Abraham Verghese (born 1955) is the Professor for the Theory and Practice of Medicine at Stanford University Medical School and Senior Associate Chair of the Department of Internal Medicine. He was born in Ethiopia to parents from Kerala in south India who, along with hundreds of Keralites, worked as teachers.

...

His first novel, Cutting for Stone, is set in Ethiopia and written at a time when the old order gave way to the new, a time of great loss for the author himself, who as an expatriate had to leave the country even though he had been born there.

You can read his detailed bio here.

He spoke very eloquently about his upbringing and how it came to pass that he wanted to not just practice medicine, but be a physician. He compared growing up in a middle-class Indian family to growing up within a Jewish family: "You can be a doctor, you can be a lawyer, you can be an engineer, or you can be a failure. Those are your choices."

One of the more sentimental moments came when he spoke of his work during the AIDS crisis in the late 1980s. There are a few things that can make me cry on a whim; as a gay man, AIDS is one of them. Gay men from all around the country came to Johnson City, Tennessee seeking his treatment and comfort. Mostly this was due to the anonymity of it. "They would contract the disease from large metropolises and come here to die."

After his talk, he sat down to answer questions from the audience. In a very elegant manner, he broke down what was extremely wrong with the healthcare system in this country. Some of the major problems stem from a decline in primary care professionals, the way in which doctors are compensated, and how patients do not know the costs of their services until after the fact.

More often than not, medical students take on substantial amounts of debt to pay for their tuition costs. After college, they are faced with being a primary care doctor, which pays relatively little, or with working within a speciality such as dermatology, which pays substantially more. "I know skin is important, but it's not that important," he said.

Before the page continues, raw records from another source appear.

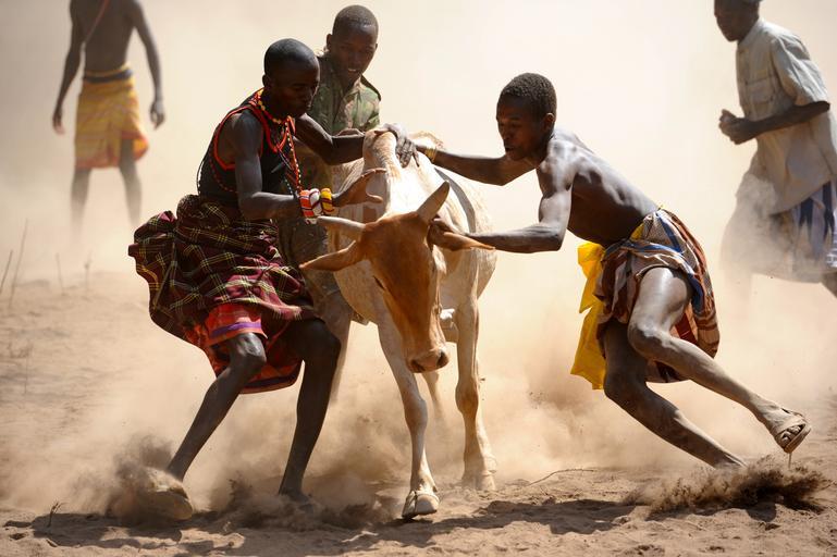 Keywords: men subdue runaway bull Daaba Kenya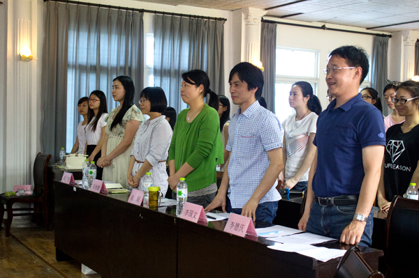 审判开庭,全体人员起立(前排为本次活动评委)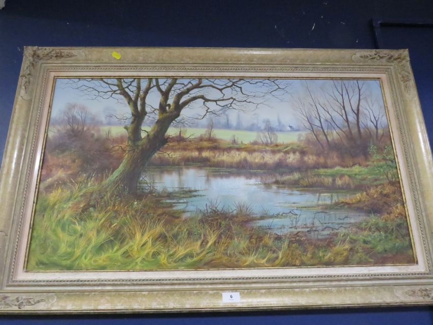 CHRISTOPHER OSBORNE. A large oil on canvas of a lake, framed, 50 x 90 cm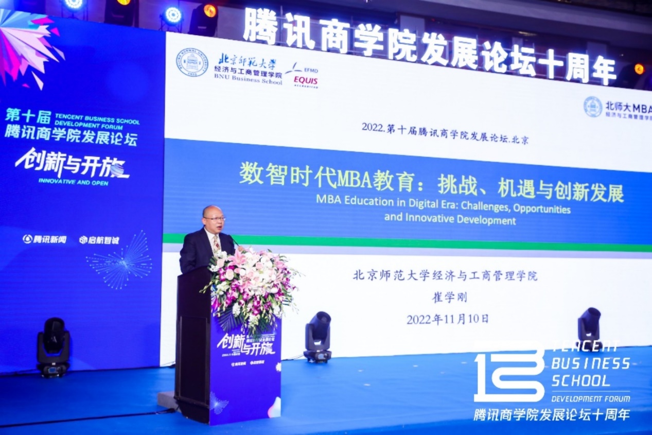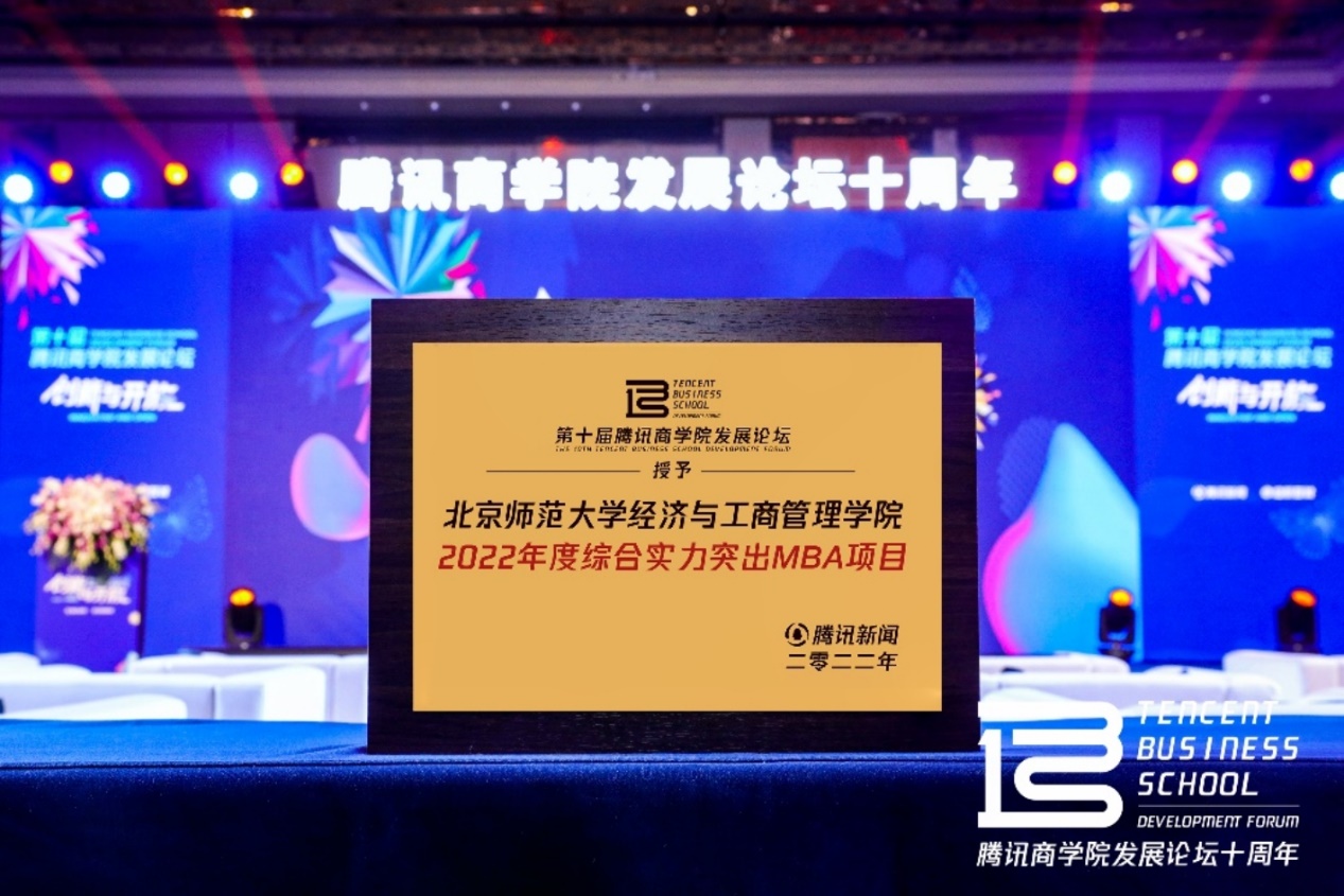 On November 10, 2022, the 10th Tencent Business School Development Forum was held in Beijing. China's well-known experts and scholars in the business education and representatives of colleges and universities participated in the forum and expressed their views through a combination of online and offline ways to help the future development of business education. About 10 million people watched and participated in the Business School Development Forum. BNUBS was invited to attend and won the award of "2022 MBA Program with Outstanding Comprehensive Strength". This award pays tribute to the outstanding institutions that follow the pace of development of The Times, blaze new trails in a pioneering spirit based on their own reality and create high-quality and high-end education brands by relying on the characteristics of international and practical education.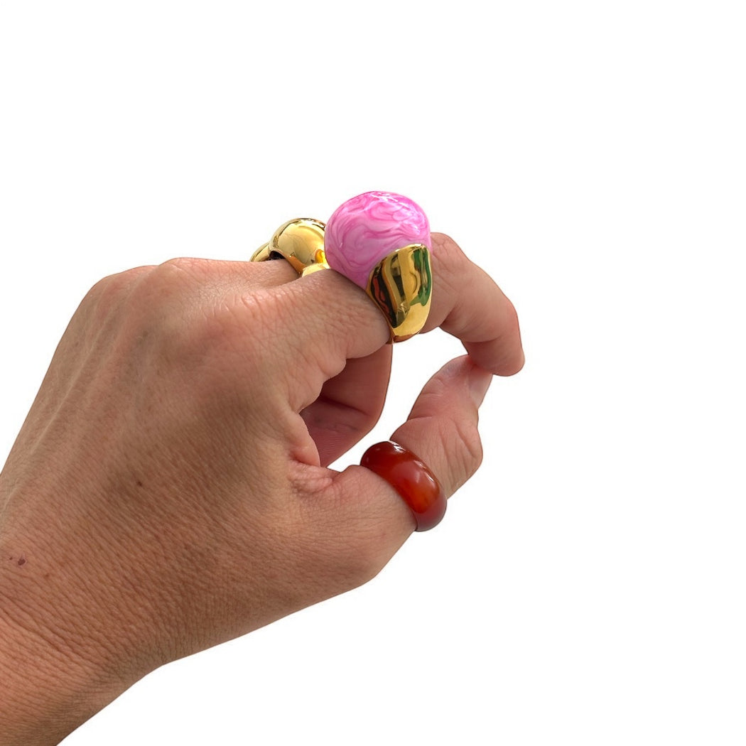 Crafted from durable stainless steel and plated in 18K gold, the ring boasts a smooth, high-shine finish while maintaining a bold, chunky profile. The oversized design is guaranteed to turn heads, while the colors add a pop of personality and depth. Offered in size N, this ring is perfect for those who love to make a statement and wear something truly unique.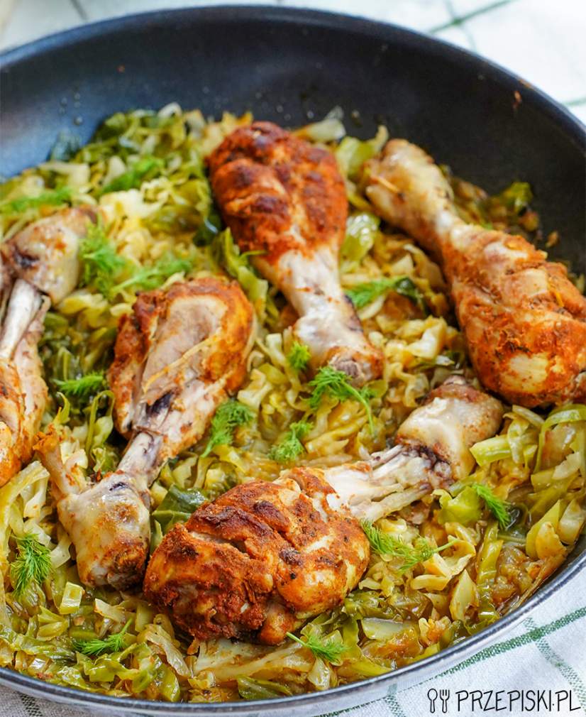 Soczyste pałki kurczaka duszone z aromatyczną kapustą, tworzą harmonijną i pełną smaku…

He further added that "doctors are paid to give services, not listen or provide comfort ... you could come in with a broken finger, and you could be given a CAT scan before they ever diagnose it as such." These are, quite obviously, problematic for him.

When asked how healthcare in India compares to healthcare in America, he said how in India you get a list of procedures and their cost. Here, it's similar to "a menu without prices."

Finally, he described what could only be the worst medical folly of all: medical records have become the patient. That is to say that diagnosis is based almost entirely on some words in a computer. The physical patient is rarely, if ever, examined.

To be fair, I have still not read his book, but that did not prevent me from gaining anything substantial from his talk. If anything, it only solidified the fact that I must read it.